Max stood up from his chair, a bread stick in one hand, a
pitcher of sangria in the other, working his neck against the starch in
his collar.

'Hey, Tommy,' he said, over the heads of people at the other
tables. 'You don't want to have a drink with your friends, you crazy
guy?'

Tommy walked toward the Calucci table, still smiling, a
dream-like luster in his eyes, his cheeks glowing from a fresh shave.
He patted Max on the shoulders, pressed him into his chair, bent down
and whispered in his ear, as though he were confiding in an old friend.

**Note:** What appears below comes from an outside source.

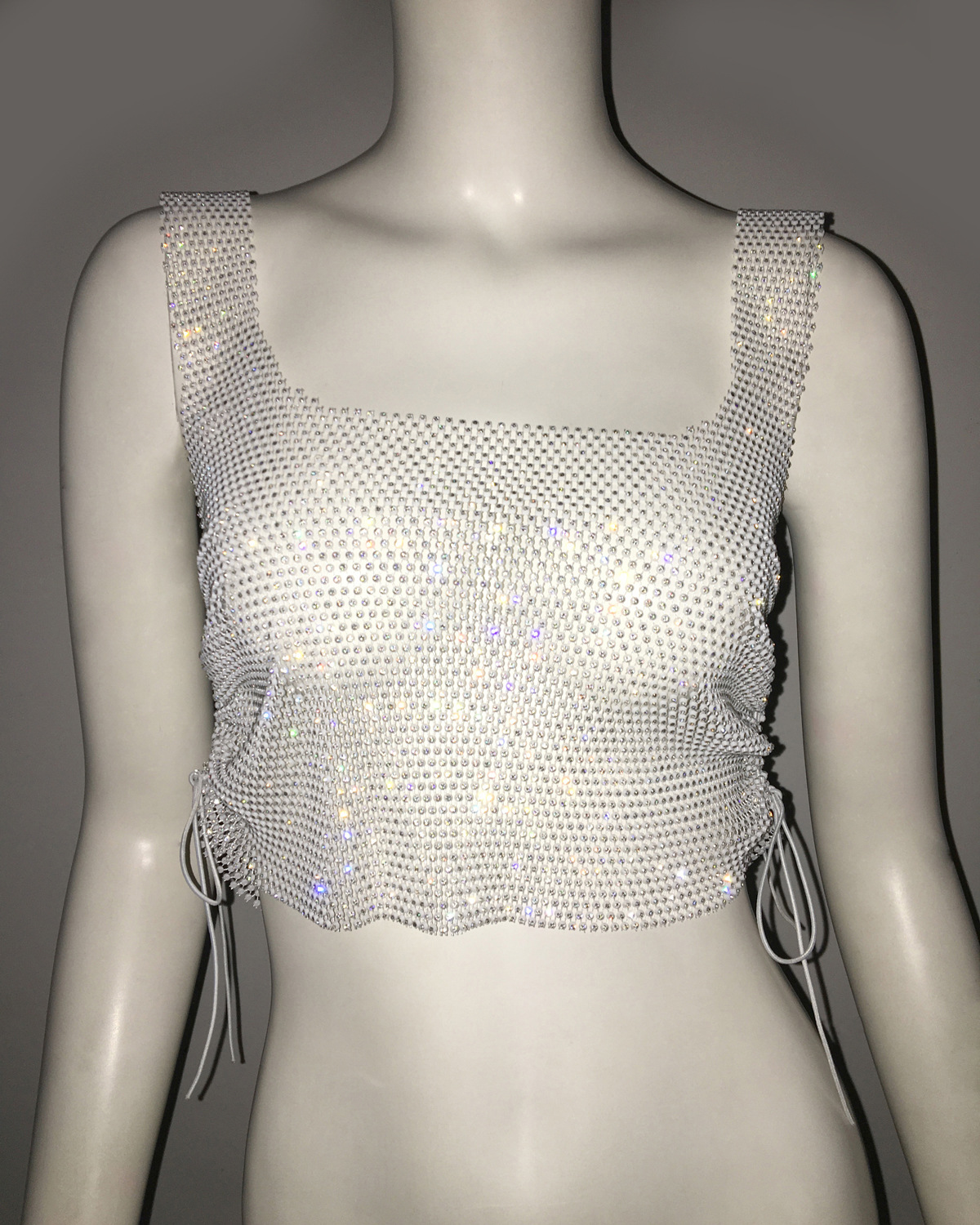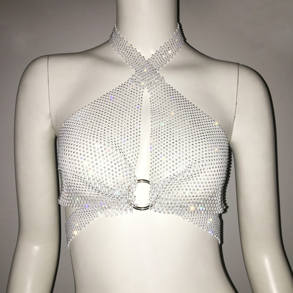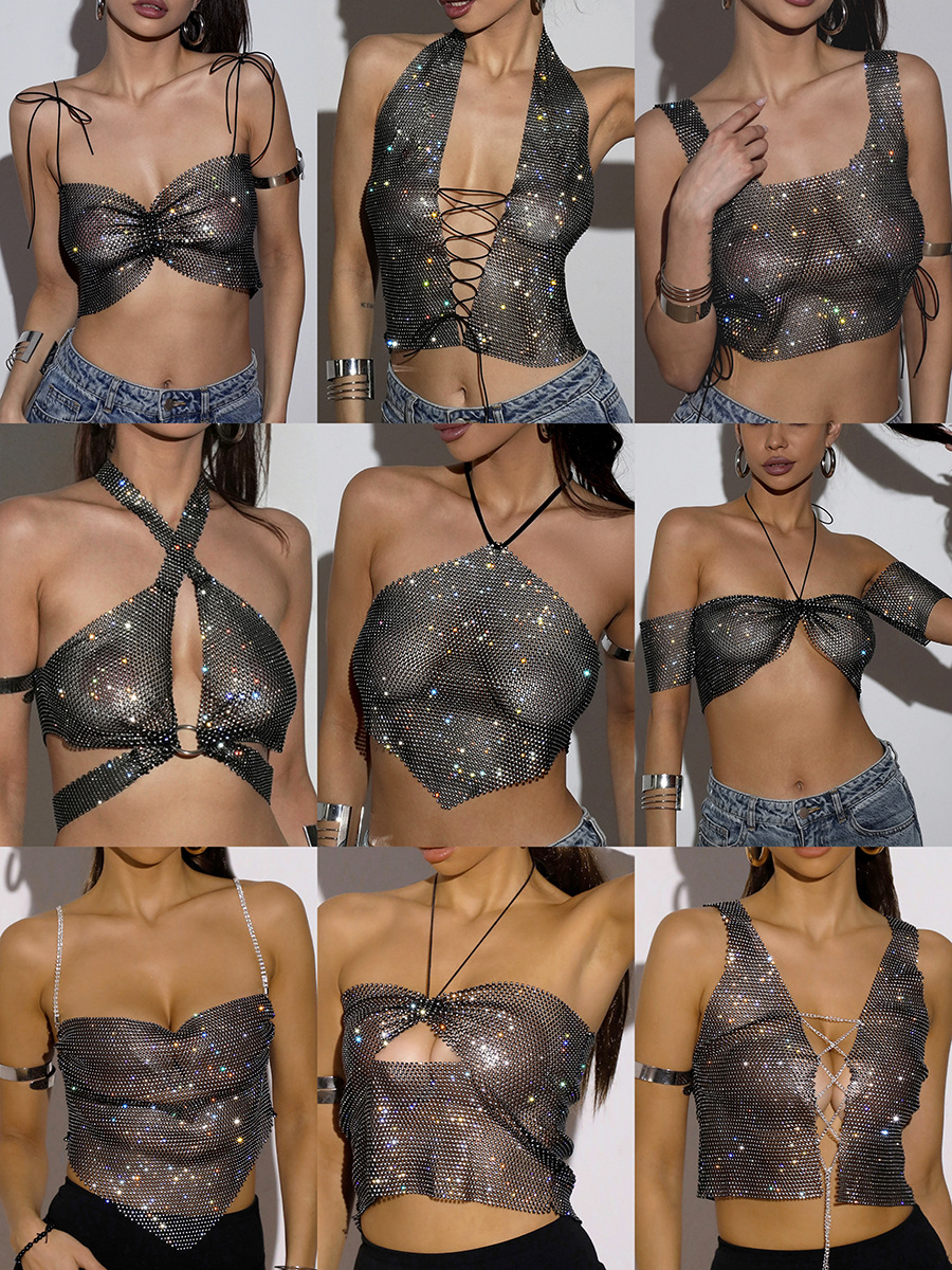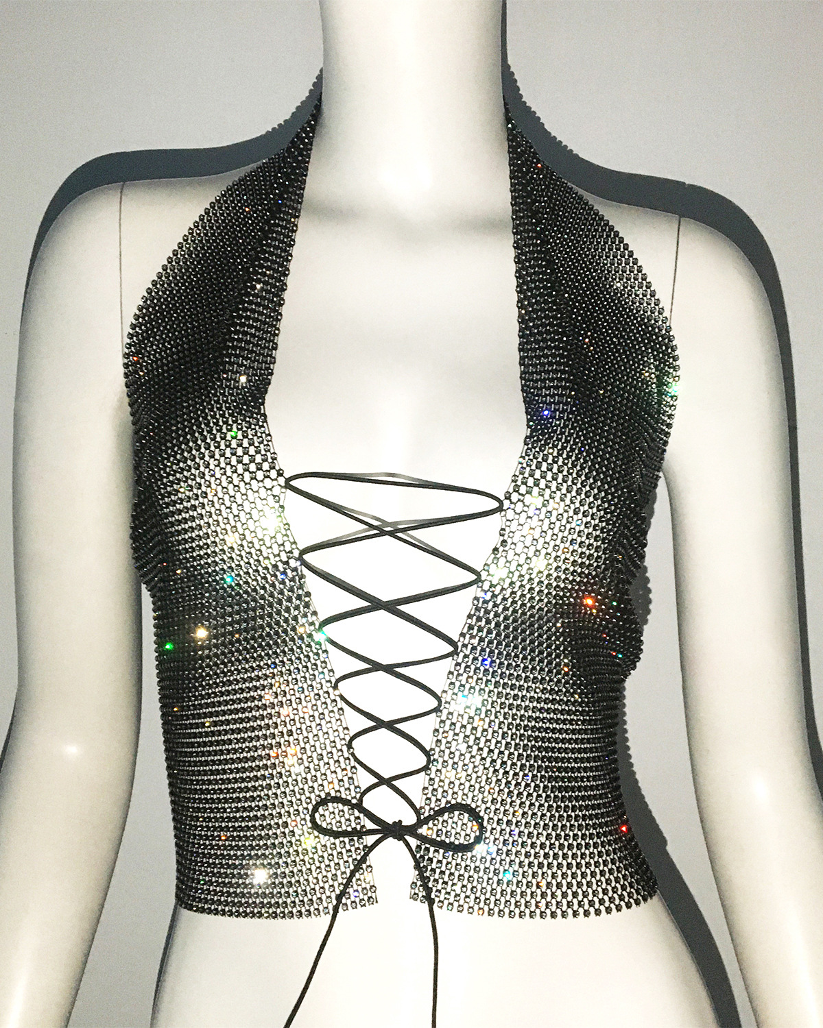 跨境欧美夏季时尚女装性感水钻裹胸吊带上衣辣妹个性镶钻裹胸背心
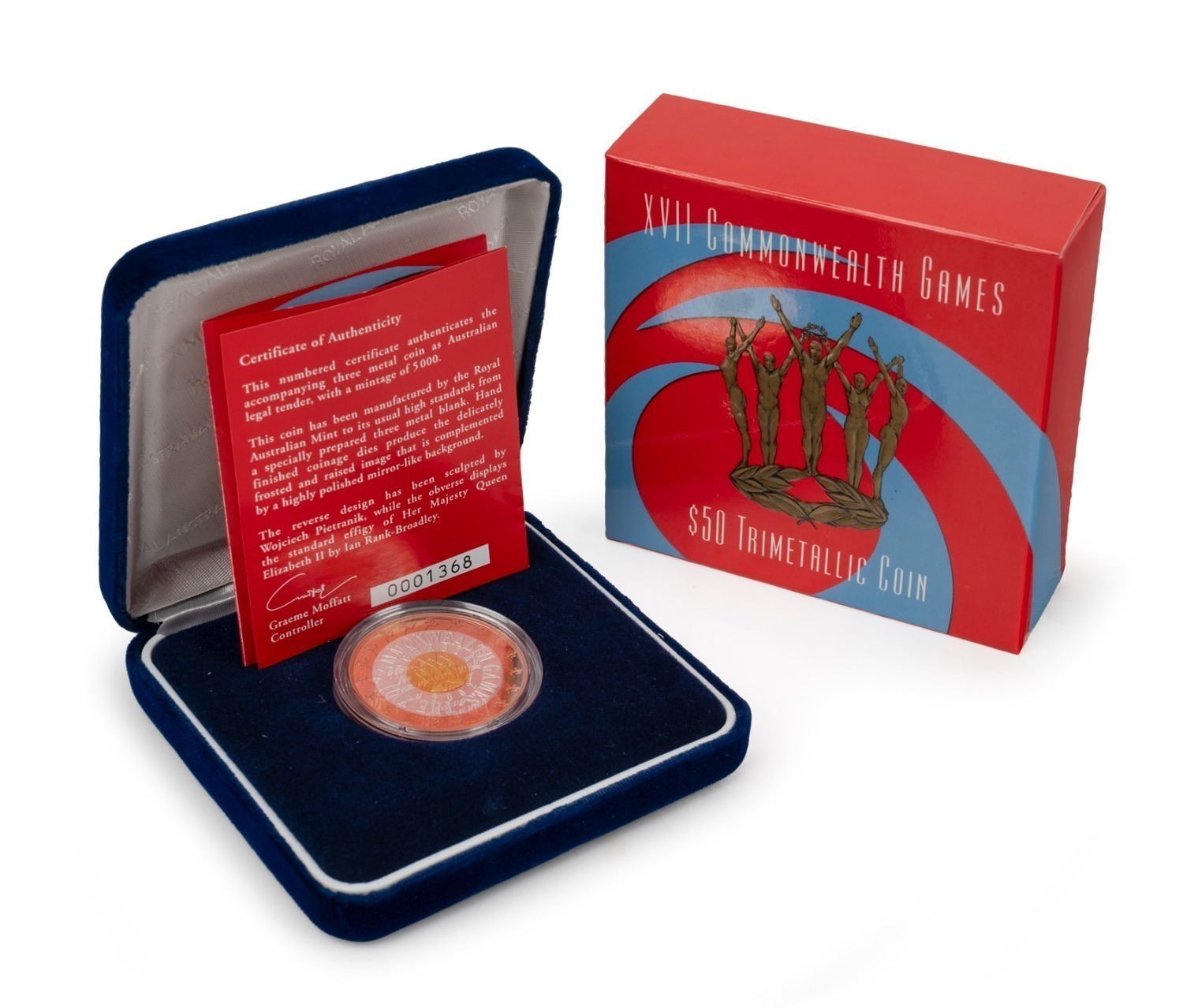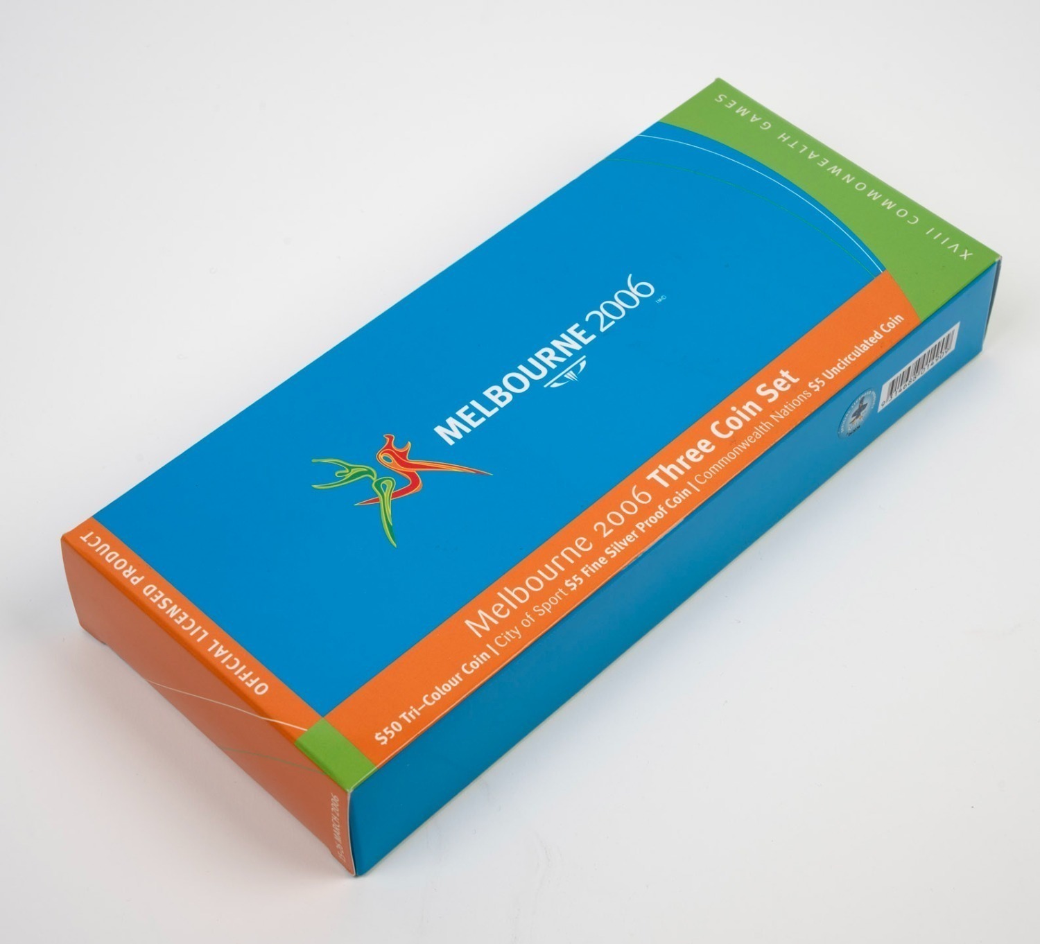 MELBOURNE 2006 COMMONWEALTH GAMES: RAM proof set comprising $50 trimetallic, $5 silver, and $5 uncirculated coins; offered in

Few people noticed Tommy's left hand biting into the back of
Max's neck or the charged and fearful light in Max's eyes, or Tommy
raising his right knee and slipping a .38 one inch from the cloth
holster strapped to his calf.

Then the conversation at the other tables died; people stopped
eating and became immobile in their chairs, as though they were part of
a film winding down on a reel; waiters set down their trays and
remained motionless in the aisles. Tommy pushed Max's face into his
plate as though he were bending the tension out of a spring.